= American Association of Port Authorities =

The American Association of Port Authorities (AAPA) is a trade association founded in 1912 that represents 150 port authorities in the Western Hemisphere, including the United States, Canada, the Caribbean, and Latin America.

Headquartered in Washington, D.C., AAPA protects and advances the common interests of its diverse member organizations as they connect their communities with the global transportation system. Member ports vary in size, cargo and vessel types handled, operating structure, and geographic service area.

According to AAPA, America's ports are gateways to the world and a critical component in economic health and national defense. On average, each of the 50 states relies on 13 to 15 ports to handle its imports and exports, which add up to over $5.5 billion worth of goods moving in and out of U.S. ports every day.

The association has four main goals:

- Advocate governmental policies that strengthen and expand opportunities for member ports
- Advance professionalism in all facets of port management and operations
- Promote information sharing and relationship-building opportunities for all members
- Achieve greater understanding of the essential role and economic value of ports

==Key issues==
One key issue that AAPA focuses on is the reorganization of the Harbor Maintenance Trust Fund (HMTF). AAPA hopes that the fund can be applied in a way that fully benefits ports and their surrounding communities. Since the creation of the fund in 1986, HMTF tax revenue has been used by the government to fund projects unrelated to port development. AAPA believes that the funding should go directly to ports in order to complete maintenance dredging. Regular maintenance dredging is crucial to most navigable waterways, harbors, and ports.
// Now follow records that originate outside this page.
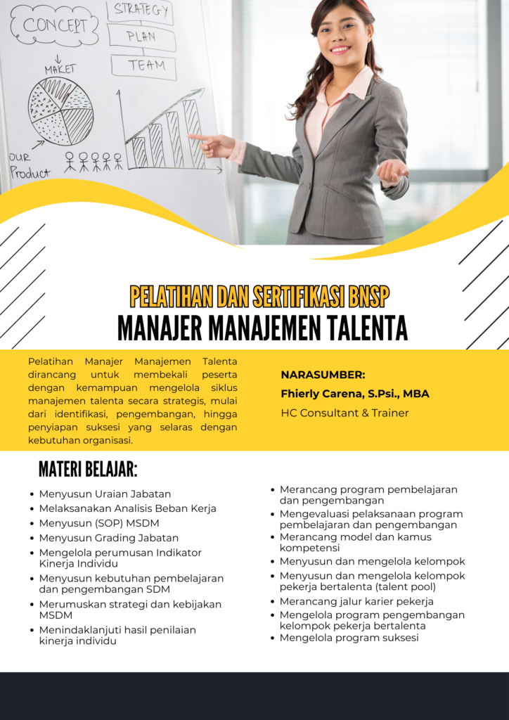Pelatihan ini dirancang untuk memperkuat peran Manajer Manajemen Talenta dalam membangun dan mengendalikan sistem talenta organisasi secara terintegrasi. Fokus pelatihan tidak hanya pada pengelolaan individu, tetapi pada bagaimana talenta dipetakan, dikembangkan, dan dipersiapkan secara sistematis untuk mendukung kinerja dan keberlanjutan organisasi.
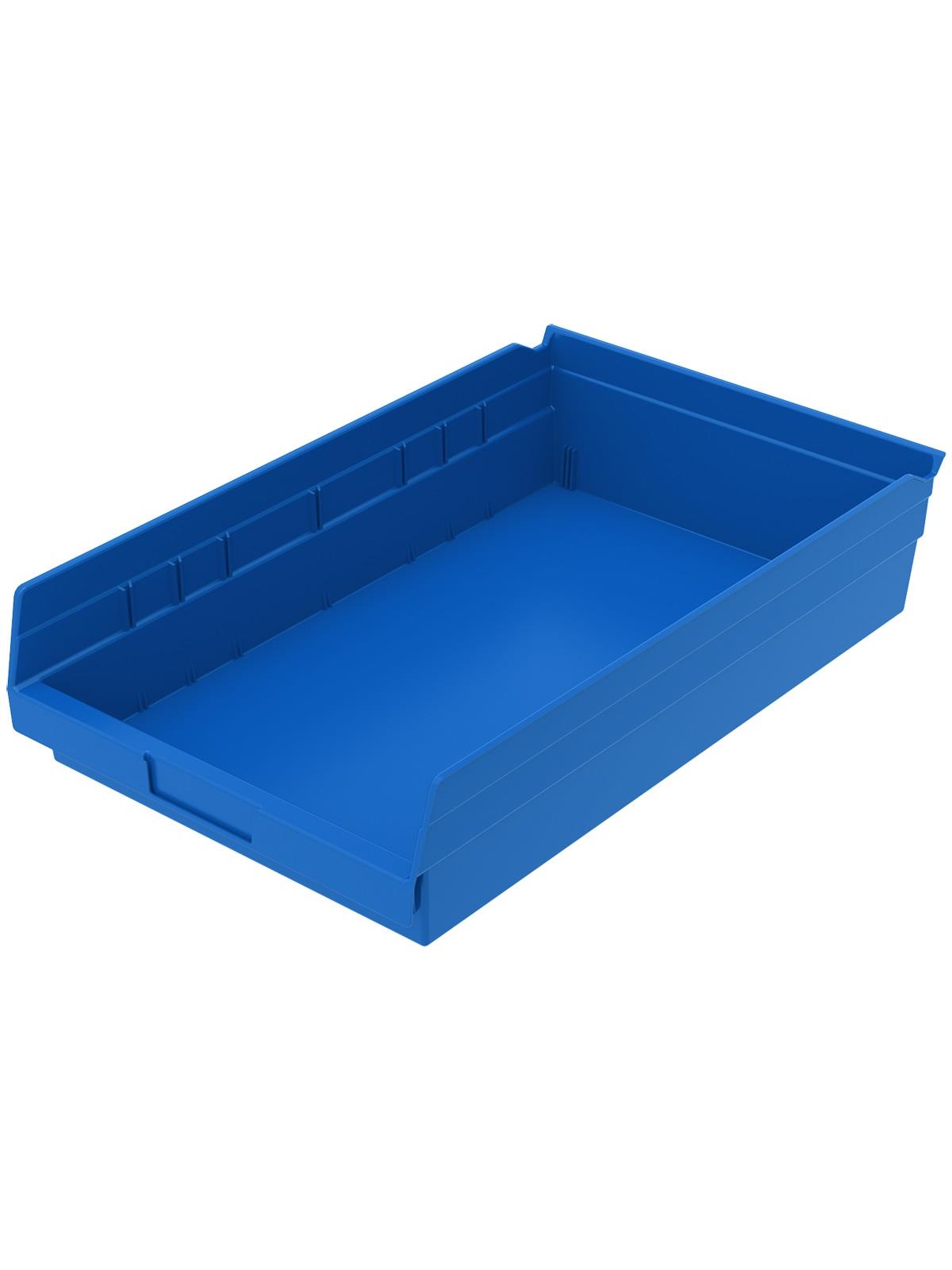 Outlasts corrugated bins - pays for themselves in reduced replacement costs. One-piece construction is waterproof and unaffected by grease or oil. Works with 12", 18" and 24" deep shelving, or vertical storage and retrieval units. Labels available. Available in 22 sizes and five colors - Red, Yellow, Blue, Green, or Semi-Clear. FOB Shipping Point.
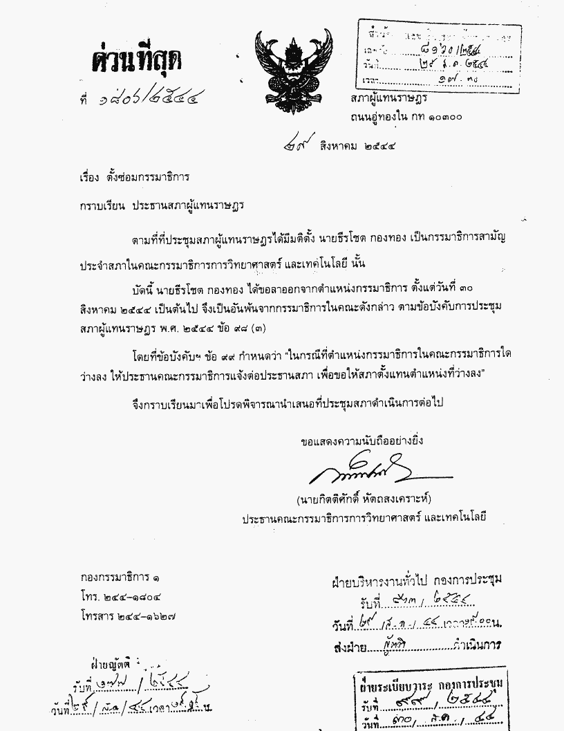ตั้งซ่อมกรรมาธิการสามัญประจำสภา ในคณะกรรมาธิการการวิทยาศาสตร์ และเทคโนโลยีแทนตำแหน่งที่ว่างลง 1 ตำแหน่ง เพราะลาออก (นายธีรโชต กองทอง) |
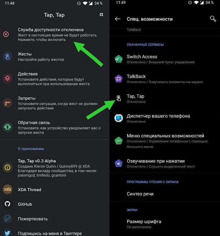 После установки Tap, Tap необходимо открыть приложение, перейти во вкладку «Служба доступности» и выдать разрешение на его работу в настройках специальных возможностей. Для корректного функционирования программы также рекомендуем добавить ее в исключения в настройках энергособережения и оптимизации памяти, чтобы система не вычищала Tap, Tap из фонового режима.
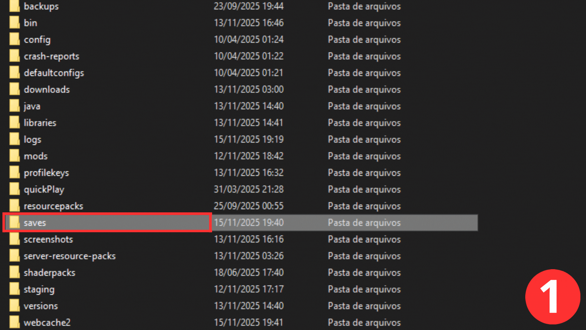 - Entre na pasta chamada: .minecraft e localize a pasta “saves”;
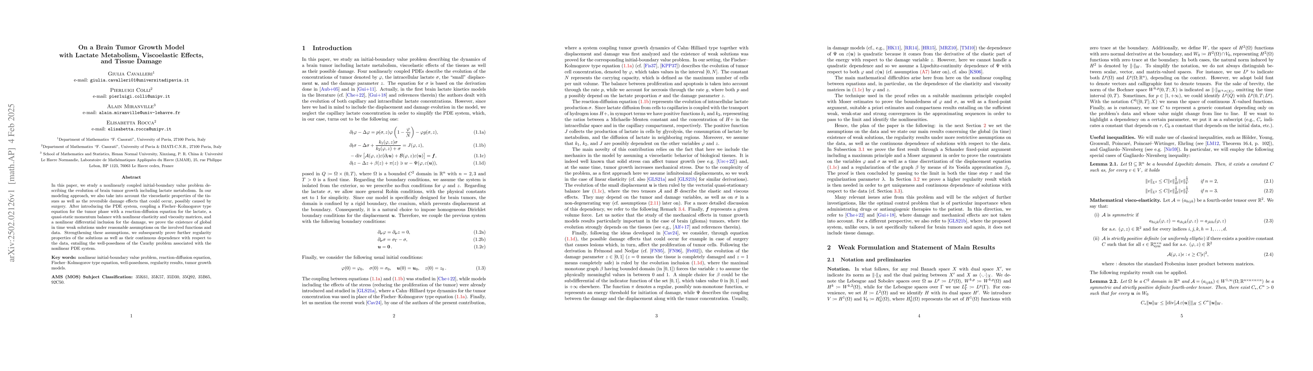 The paper presents a mathematically rigorous analysis of a complex PDE system modeling brain tumor growth, proving existence, regularity, and continuous dependence results.
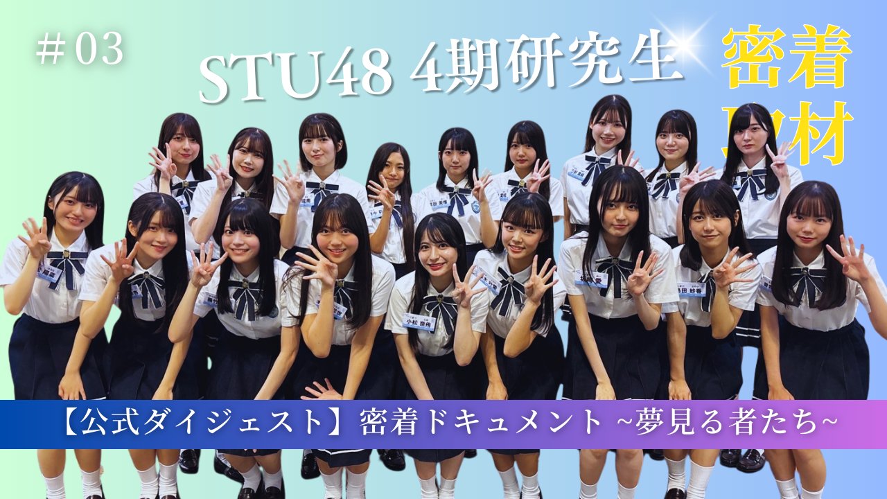 【STU48 4期研究生】密着ドキュメント 夢見る者たち「episode3 光」公開 2025年12月05日 カテゴリ:STU48YouTube 74: 名無し48さん 2025/12/05(金) 17:23:15.39 STU48 @STU48_official_ / STU48 4期研究生によるドキュメンタリー企画 密着ドキュメント 夢見る者たち「episode3 光」 が公開されました🎥 \ ▼短尺版 https://youtu.be/B1uhBgwEJM4 ▼完全版 https://youtu.be/vdh5fh39WpA ✅4期研究生について https://sp.stu48.com/feature/4kisei Sponsored by SHOWROOM #STU48_4期研究生 午後5:05 · 2025年12月5日 https://x.com/STU48_official_/status/1996853422503624972 【【STU48 4期研究生】密着ドキュメント 夢見る者たち「episode3 光」公開】の続きを読む
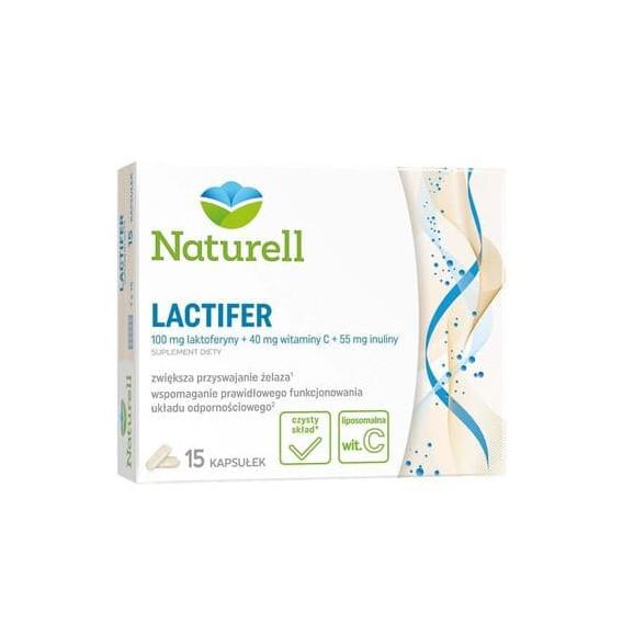 Naturell Lactifer o suplement diety z czystym składem, zawierający laktoferynę wzbogacony o liposomalną witaminę C oraz inulinę do stosowania w celu zwiększenia przyswajania żelaza oraz wspomagania prawidłowego funkcjonowania układu odpornościowego.
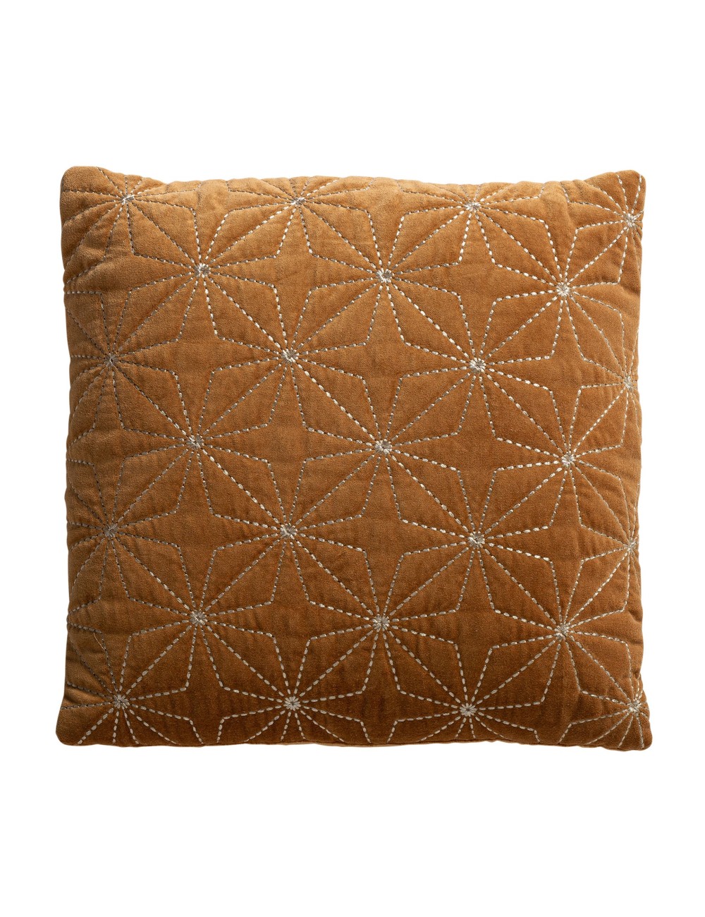 Cojín Vilma de estilo clásico fabricado en terciopelo en color ocre con acabado bordado combinado con algodón y poliéster. Producto desenfundable.
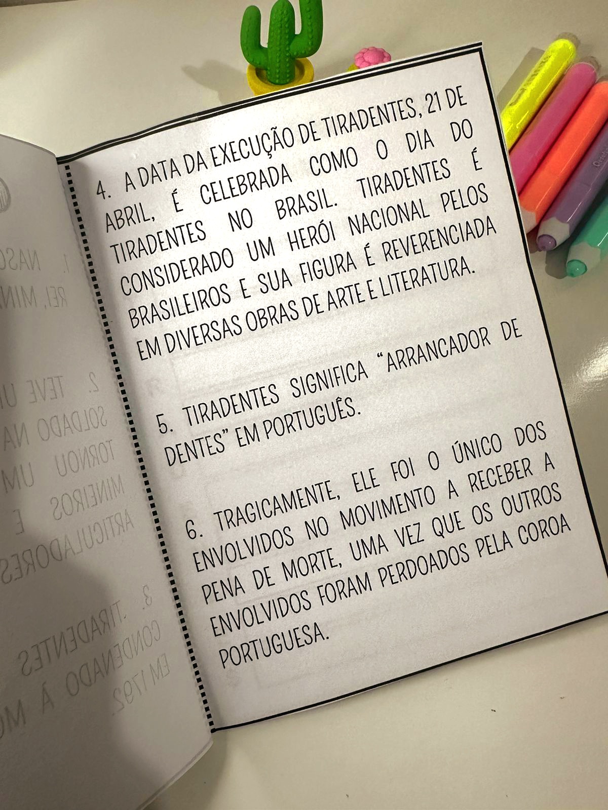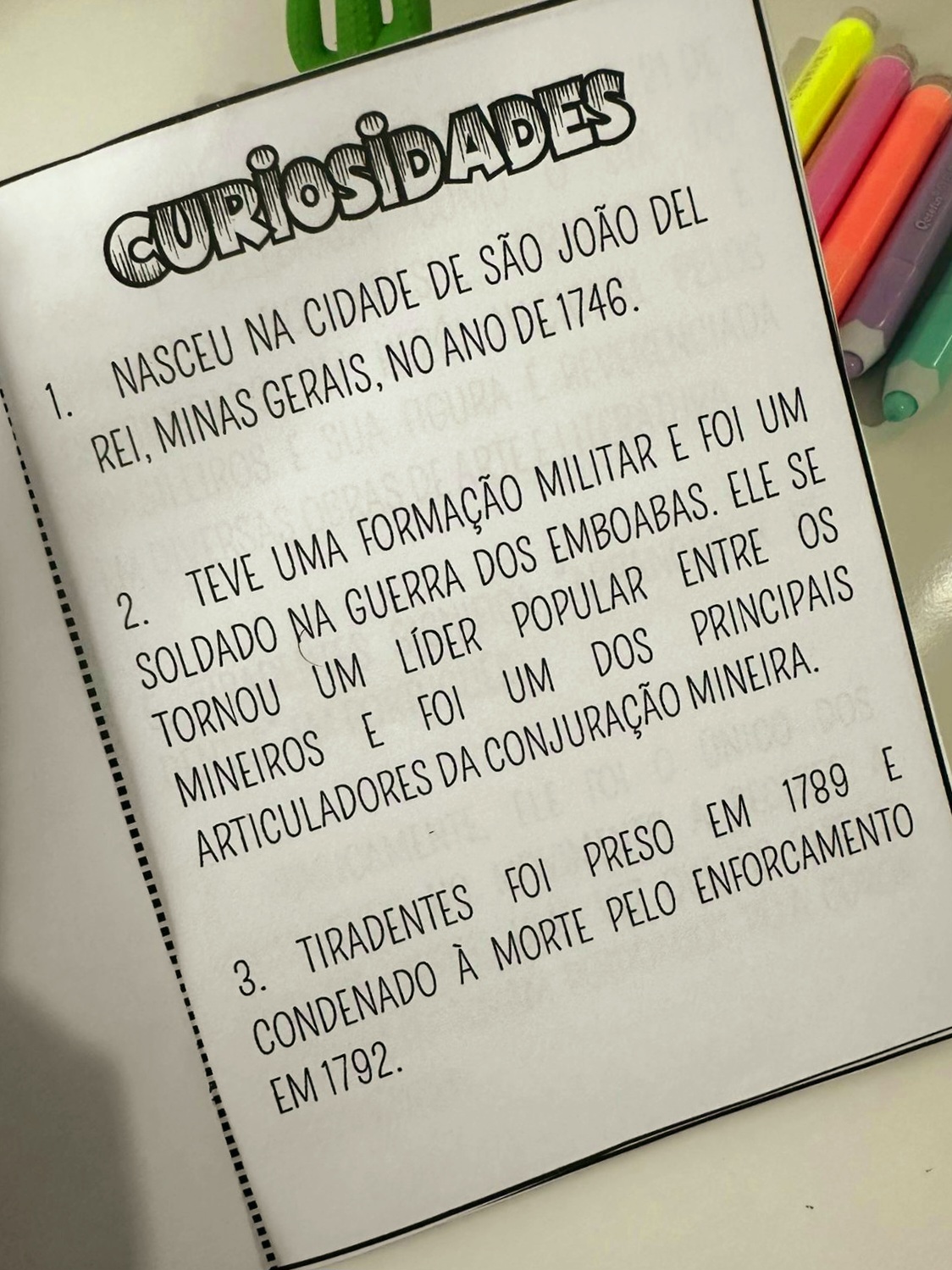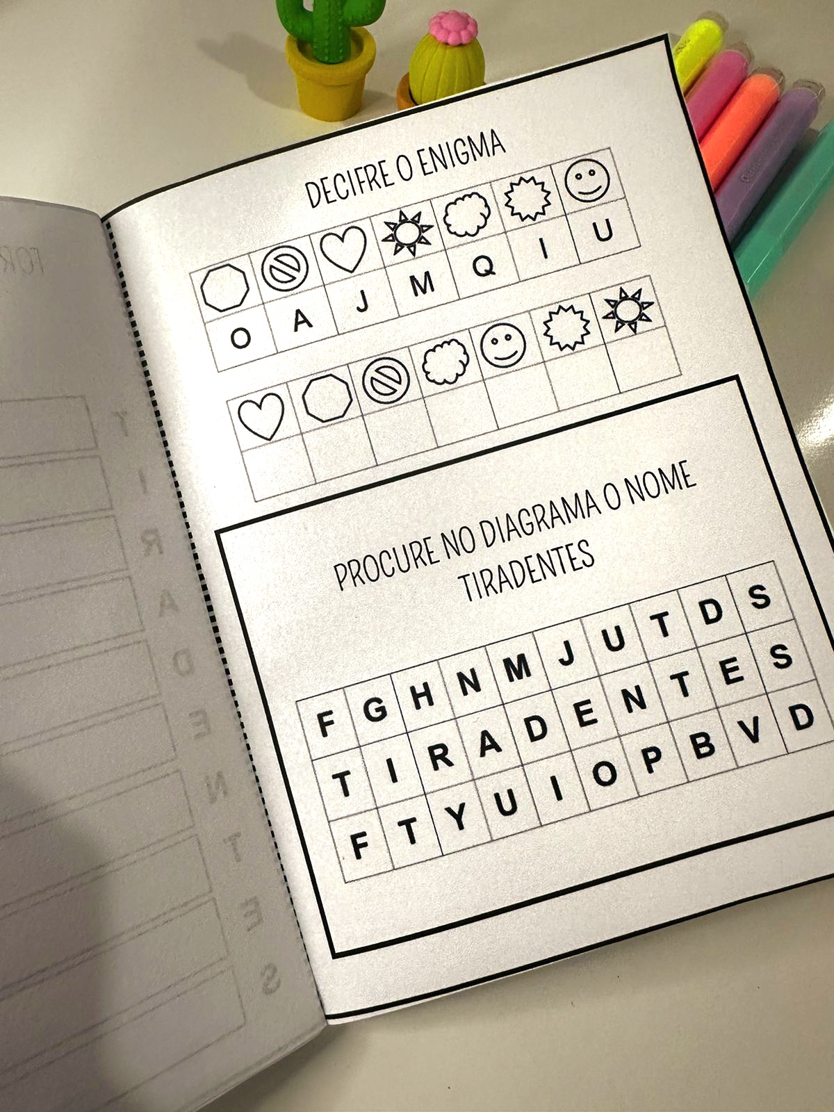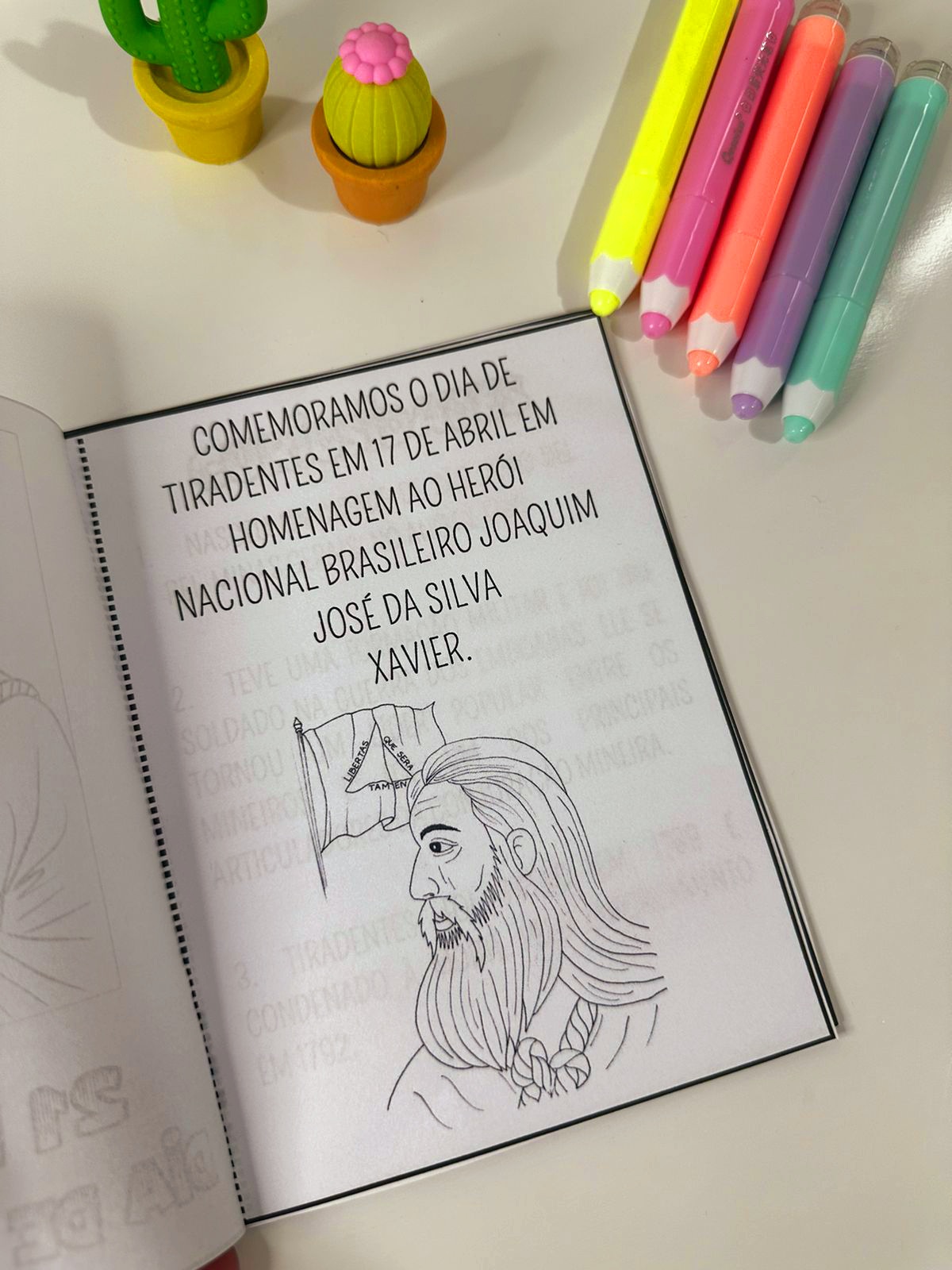 Recurso livrinho que traz narrativa e ilustrações, apresentando de forma acessível e educativa a vida e o legado desse importante personagem da nossa história. Uma leitura essencial para crianças e adultos interessados em conhecer mais sobre o Brasil colonial e a luta pela liberdade.

Each year, several hundred feet of sand, gravel, and silt must be removed from waterways and harbors to maintain navigability -- enough for a four-lane highway four feet deep stretching between New York City and Los Angeles, California, according to the U.S. Army Corps of Engineers.

AAPA also supports the U.S. Department of Transportation's National Freight Policy framework, which focuses on increasing public and private investment in freight infrastructure through tax incentives. It also seeks to improve public and private collaboration on freight-related issues by increasing public-sector awareness about trends in private-sector freight operations and investment.

In March 2020, due to a COVID-19-related decrease in traffic and revenue, the AAPA sought $6.5 billion in financial support from the federal government.